# 69990 with 63030



## scar5901 (Jun 2, 2011)

I am confused, I have many tools to utilize for research the above - per AMA CPT Professional 2011 the above codes are allowed together, as the list under 69990 does not include 63030 as a procedure that includes 69990 as an inclusive component.  When I search NCCI Column 1/Column 2 Edits it is showing 69990 is not allowed and modifier not permitted as well.  

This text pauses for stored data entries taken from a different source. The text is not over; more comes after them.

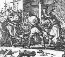 中の絵はヨーロッパの港町の鍛冶屋さんが2本爪の錨を鍛造している様子です。 窓の外に帆船のマストが見えます。(1600年代のドイツ)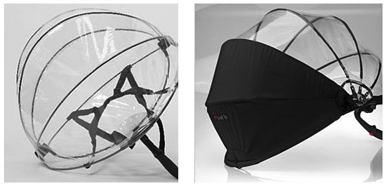 「ヌーブレラ」は、頭部全体をカバーするドーム型のデザインを採用した、次世代の傘。向かい風は傘の周りを通り過ぎるので、折れる心配がない。背負うように装着し、ハンズフリーで使用できる。肩と脇を固定できるので、安定性に優れ、ドーム型のデザインから、高い防寒性もある。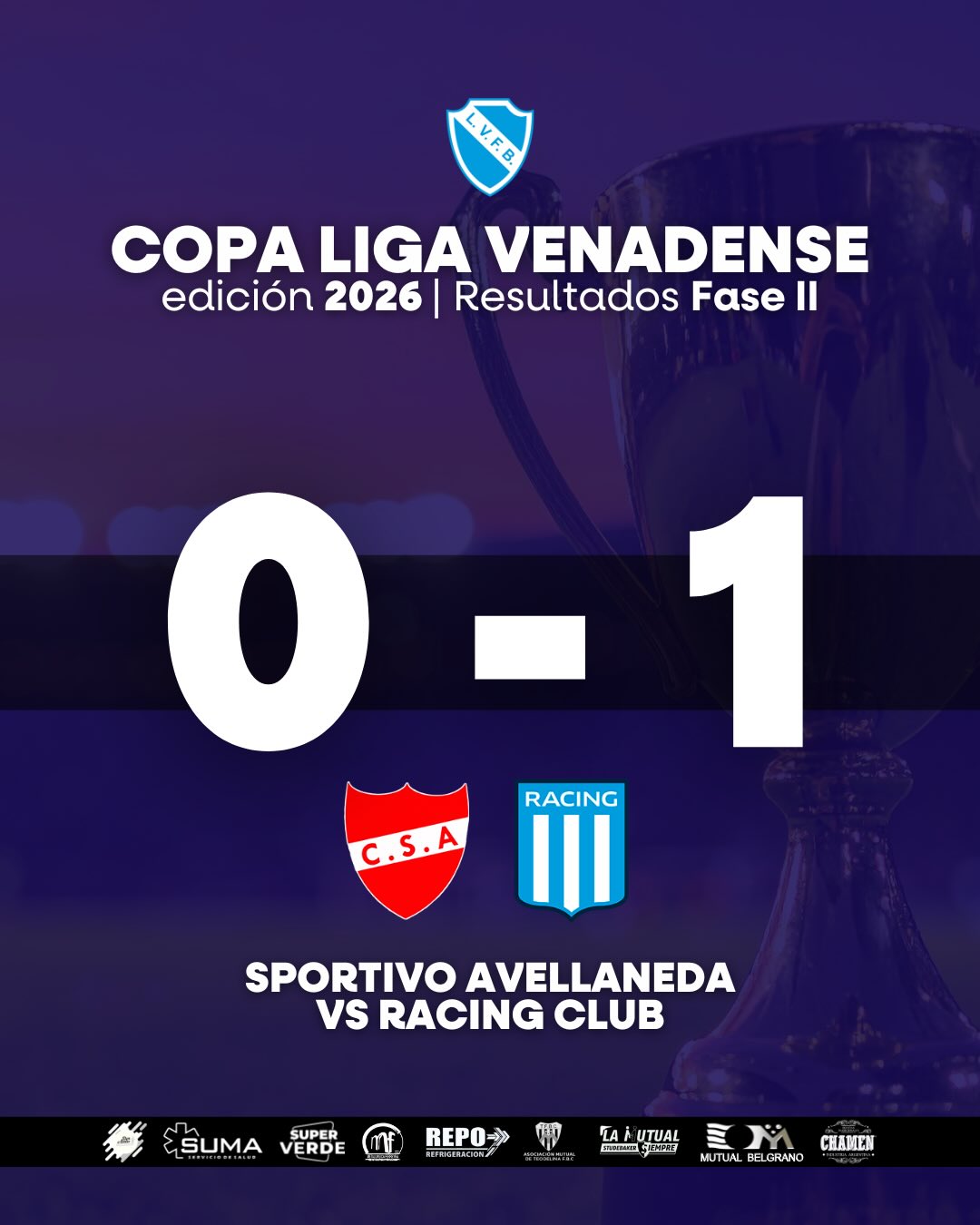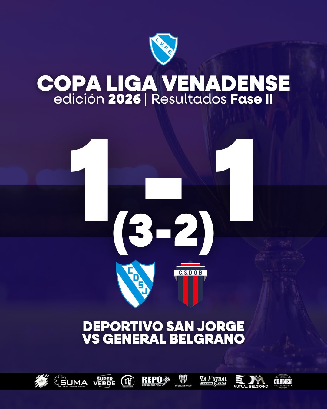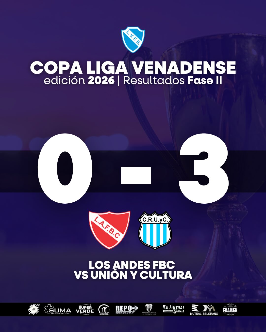 Compartimos los resultados de los partidos por la Fase II de la Copa de la Liga Venadense 2026. El próximo fin de semana, culminarán los encuentros de esta serie.

Per the AMA CPT Network site - 69990 states *all* the codes listed within the AMA CPT Manual under the italic portion are considered to have the operating microscope as an inclusive component. If *all* is correct, then why is CCI saying "NEVER RULE" applies and considers 69990 inclusive to 63030?


----------



## RebeccaWoodward* (Jun 2, 2011)

scar5901 said:


> I am confused, I have many tools to utilize for research the above - per AMA CPT Professional 2011 the above codes are allowed together, as the list under 69990 does not include 63030 as a procedure that includes 69990 as an inclusive component.  When I search NCCI Column 1/Column 2 Edits it is showing 69990 is not allowed and modifier not permitted as well.
> 
> Per the AMA CPT Network site - 69990 states *all* the codes listed within the AMA CPT Manual under the italic portion are considered to have the operating microscope as an inclusive component. If *all* is correct, then why is CCI saying "NEVER RULE" applies and considers 69990 inclusive to 63030?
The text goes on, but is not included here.